When appropriately designed and conducted, randomized controlled trials (RCTs) are considered the gold standard for evaluating most types of health care interventions. In this study design, patients are randomly allocated to either a treatment or a control group prior to receiving an intervention using an element of chance to determine the assignments, similar to tossing a coin. After randomization, patients are followed in exactly the same way and the only difference is the treatment group they were allocated to.

The RCT study design has the greatest potential for determining causation between exposure and outcome given that randomization balances both known and unknown prognostic factors (i.e., measured and unmeasured confounders) between comparison groups during the assignment of treatment. As such, the effect of the treatment on outcomes relative to the control group can be determined while other variables are kept constant and selection bias is minimized. Furthermore, randomization can facilitate blinding (also known as masking) of the identity of treatments from investigators, participants, and assessors.

RCTs can be used to compare nearly all types of interventions used in surgical patients.
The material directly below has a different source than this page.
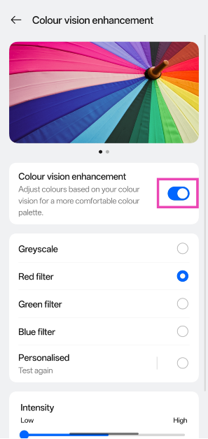 Στο Android 15, μπορείτε να αλλάξετε την ένταση αυτών των φίλτρων. Εάν δεν θέλετε να χρησιμοποιείτε αυτά τα φίλτρα όλη την ώρα, μπορείτε να προσθέσετε μια συντόμευση στην οθόνη για να τα ενεργοποιήσετε ή να απενεργοποιήσετε.

This includes surgical procedures, medications used before or after surgery, screening programs, or diagnostic modalities, to name a few. But while RCTs help us determine the presence and strength of a causal relationship between different surgical interventions and a given outcome, they also have several weaknesses. First, they are very expensive to complete and it can take many years to obtain results when large sample sizes are needed. Second, the results may not be generalizable to patients in everyday practice due to narrow enrollment criteria. Third, many surgical interventions are simply not amenable to randomization. Finally, RCTs can still yield biased results if the study is not well designed or executed properly and lacks methodological rigor.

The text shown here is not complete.